I put in a call to Clark Gable to tell him about some deer I'd heard were running loose up in the Canadian Rockies. I was told he was on location ... in Hong Kong. I called Robert Taylor. He was on location, too, in Italy, unless he had finished there and gone to England. James Stewart was in Africa. In the old days a company that went as far away as Texas was thought to be forsaking civilization for good. Today these countries are just part of the Hollywood scene and it's as Shakespeare said, all the world's a stage.

[in 1960] People hang on after they should quit, because the urge to act stays with you. Sometimes in the middle of a scene I find myself saying a piece of dialog from 15 years ago. I've thought of retiring lots of times, but then I think I would just go nuts, and probably spend all my time searching for a really great Western script.

[on Cary Grant] I say he's a crack comedian, and isn't competition for me at all.

[after visiting Nazi Germany in 1938] There's no question in my mind that those people want to have a war. They're determined to be a world power and seem to feel that's the only way to become one. Those storm troopers are awesome. The atmosphere in Berlin - well, I've never sensed such tension.

I've had lines on my face since I was twenty. Wind and sun put them there.

In my whole life I've never had a woman so much in love with me as Ingrid Bergman was. The day after the picture ended I couldn't get her on the phone.

[after Clark Gable ended up with the role of Rhett Butler in Gone with the Wind (1939)] "Gone with the Wind" is going to be the biggest flop in history. I'm just glad it'll be Clark Gable who's falling on his face and not Gary Cooper.

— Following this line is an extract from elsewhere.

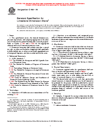 1.1 This specification covers the material characteristics, physical requirements, and sampling appropriate to the selection of limestone for general building and structural purposes. Refer to Guides C 1242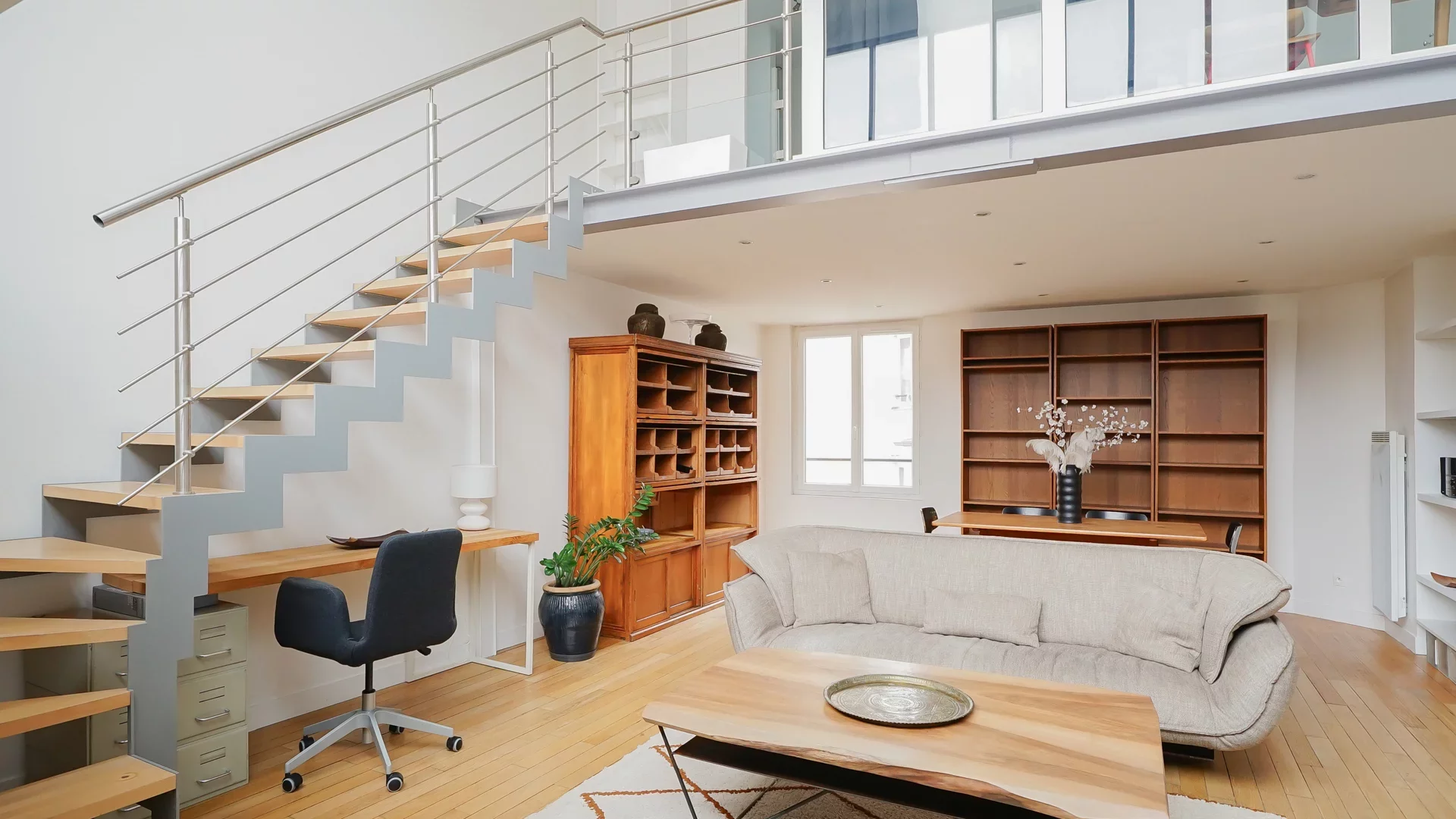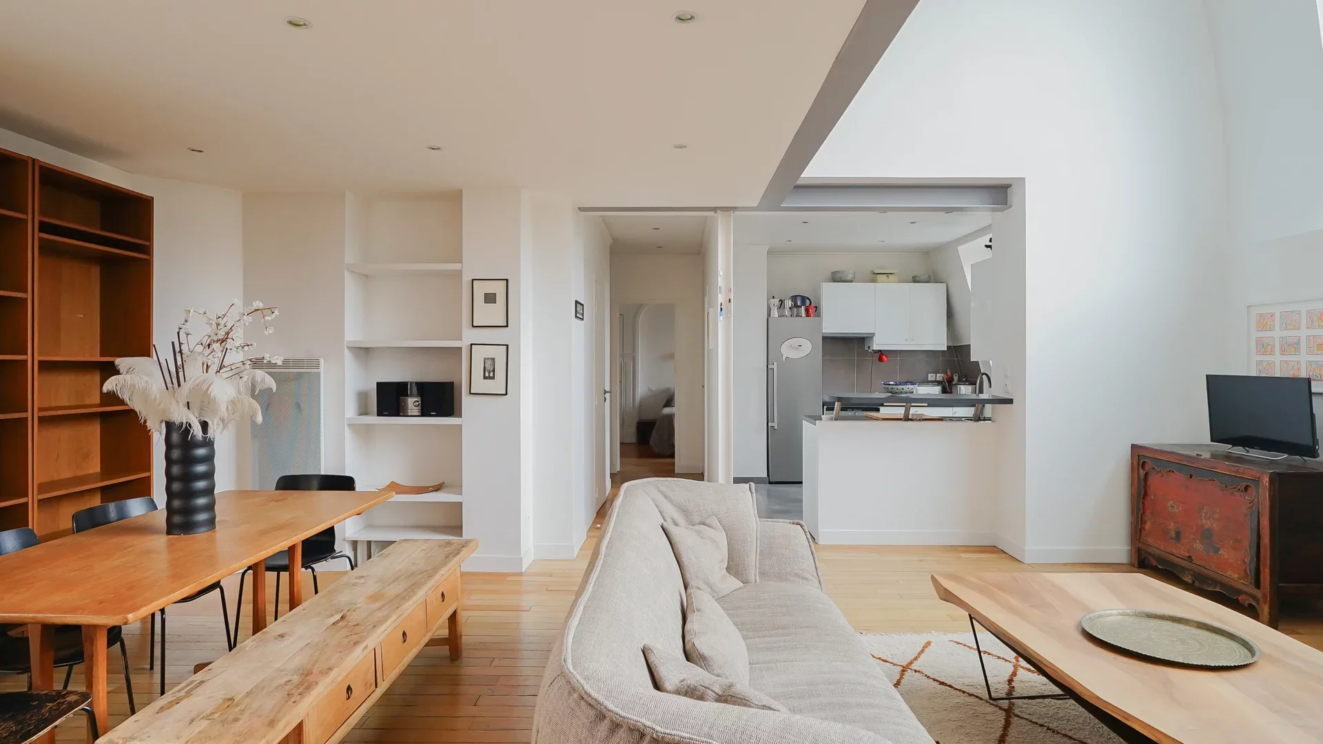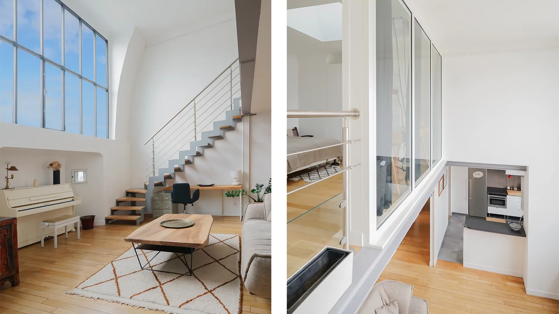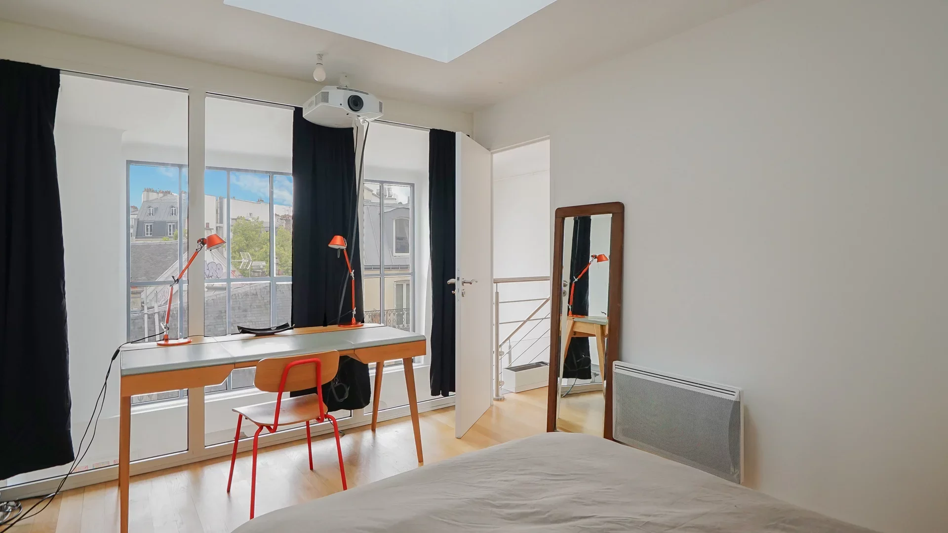 Ideally located on Rue de Bruxelles, just steps from Hector Berlioz Square and Place Blanche, this superb duplex artist's studio is nestled on the fourth and top floor with elevator access. It offers a generous surface area of 84.57sqm (Carrez law) (90.58sqm on the ground floor) bathed in light. It consists, on the first level, of a vast living room enhanced by a glass roof and nearly 4 meters of ceiling height, an open fitted and equipped kitchen, a bedroom and a shower room with toilet. Upstairs, a second bedroom with its own shower room / toilet. It offers absolute calm and superb unobstructed views of the rooftops of Paris and the Moulin Rouge. A large storage room completes this rare property, which combines old-world charm, atypical volumes and a sought-after location. EXCLUSIVE.

[1952] I like and admire Carl Foreman and am delighted to be in business with him.

Naturally, the nearer the character you play comes to the character you are, the more authenticity you give it. You are not acting so much as being. The result is realism.

Movie acting is a pretty silly business for a man because it takes less training, less ability and less brains to be successful in it than any other business I can think of.

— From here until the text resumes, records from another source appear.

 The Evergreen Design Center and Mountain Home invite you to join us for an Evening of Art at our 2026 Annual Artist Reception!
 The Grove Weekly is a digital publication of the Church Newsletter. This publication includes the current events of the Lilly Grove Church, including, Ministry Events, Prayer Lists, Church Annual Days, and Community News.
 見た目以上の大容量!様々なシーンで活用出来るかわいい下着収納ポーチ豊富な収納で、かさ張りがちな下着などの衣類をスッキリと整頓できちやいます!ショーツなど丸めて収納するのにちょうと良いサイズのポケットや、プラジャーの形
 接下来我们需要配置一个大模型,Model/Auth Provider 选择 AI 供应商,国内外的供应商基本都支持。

Having to work hard never had any real appeal for me, and that may have some connection with me being in the movies.

This is a terrible place to spend your life in. Nobody in Hollywood is normal. Absolutely nobody. And they have such a vicious attitude toward one another ... They say much worse things about each other than outsiders say about them, and nobody has any real friends.

[on Rio Bravo (1959)] It's so phony, nobody believes in it.

[[on turning down the role of Rhett Butler in Gone with the Wind (1939)] Rhett Butler was one of the best roles ever offered in Hollywood and my screen character saw himself emerging from the film as a dashing-type fellow. But I said no. I didn't see myself as quite that dashing, and later, when I saw Clark Gable play the role to perfection, I knew I was right.

[on movie roles] Once in a while I like a good western. Gives me a chance to shoot off guns.